I sat down with Andrea on the Digital Construction Podcast for an episode he called 5 Bold Predictions for the Construction Industry. He’d had them in advance, which meant he came with counter-arguments rather than agreement. That made it a better conversation.
The five:
- The app store is going to die. Not the software — the model where every project team logs into a different point solution. Agentic desktops become the single entry point, and the value moves from the feature to the orchestration.
- AI increases collaboration rather than reducing headcount. The bottleneck in construction has never been how many people you have. It has always been coordination between them.
- Projects are graphs, not lists. We manage them as flat waterfalls and Kanban columns while the actual dependencies form a network. Mapping that network is where ontology — and usable data — starts.
- A new internal role is forming. Call it the forward deployed engineer: part translator, part HR manager for a team that happens to be made of agents.
- The architectural flip. If internal teams can build the vertical thing themselves, SaaS vendors get pushed down the stack toward generic horizontal infrastructure — and per-seat pricing stops making sense when the seats are agents.
Read back like that, they look like five separate bets.

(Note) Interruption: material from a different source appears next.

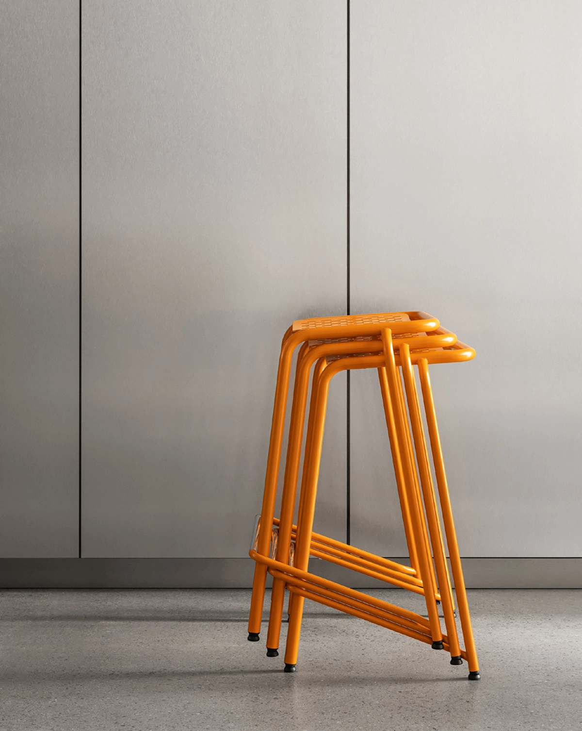 A22 is a stackable, highly versatile stool designed for impromptu meetings and quick breaks in dynamic environments — at home or at work. Its comfortable seat is angled slightly forward to encourage occupants to stand occasionally and do their bodies a favour. To facilitate recycling and reuse, the stool is made entirely of steel, without any bolts or screws. A22 can be used both indoors and outdoors.

They’re not. They’re the same argument told five times.
Every one of them is about the process we refuse to look at, not the output we keep optimising.
Take the automation point. The industry gets paid for drawings, models and reports, so that’s where every efficiency effort lands. Faster labels. Automatic dimensions. Better sheet generation. Fine. But the drawing is the last twenty metres of a very long run, and nobody is looking at the first two kilometres. I used an analogy from a Trimble executive on the podcast: we’ve trained every player on the team to peak athletic condition, and the team still doesn’t play together. We have excellent automation at every individual step and no view of the workflow in its entirety.
The interesting thing about lowering the coding barrier isn’t that everyone can now write automation. It’s what the automation tells you. If you capture why all these small scripts get written, you stop seeing scripts and start seeing a map of where your process leaks. The automation is a symptom. Most firms treat it as the cure.
Andrea pushed back hard in two places, and both were fair.
First, the incumbents. Autodesk and Procore are not going to sit still while an agentic desktop routes around them. They own the system of record, and construction data is not desktop-friendly — the models are heavy, and everything is coupled to everything else. His counter was that this might only resolve if local compute gets powerful enough to orchestrate without the cloud layer.
Second, the risk. When a structural engineer or a fire engineer hands judgement to a generative tool, the failure mode isn’t an embarrassing output. It’s a slab. The risk aversion in this industry is structural, not cultural — which is why the answer isn’t more autonomy; it’s determinism. Construction is prescriptive enough that you can build the check into the loop: the agent iterates until a deterministic gate says the answer is correct. That capability exists now. Most of the industry is still evaluating AI against a chatbot they tried two years ago.
The data conversation follows the same shape. Every conference has the same people saying we need standards, better data, cleaner data. Nobody shows what they’re actually capturing or where they started. Teams already doing this — the ones on site building their own ontologies — didn’t wait for an industry standard. They mapped what they knew, named the fields, and started collecting. The gap isn’t a data standard. It’s that nobody publishes their starting point.
Which brings me back to the platform question, and the distinction I want to keep sharp. When I say everyone can now automate, I mean everyone can now build a prototype. Not a product. A prototype that solves one project’s problem, gets retweaked on the next one, and gets retweaked again. That repetition is the signal worth reading. If the same automation keeps getting rebuilt, the value isn’t in productising it — it’s in the workflow that keeps demanding it.
Five predictions, one underlying claim: the industry has spent a decade layering tools on top of a process it has never examined. AI is the first technology that makes examining it unavoidable, because it needs the process legible before it can do anything useful with it.
That’s not a prediction. That’s the bill coming due.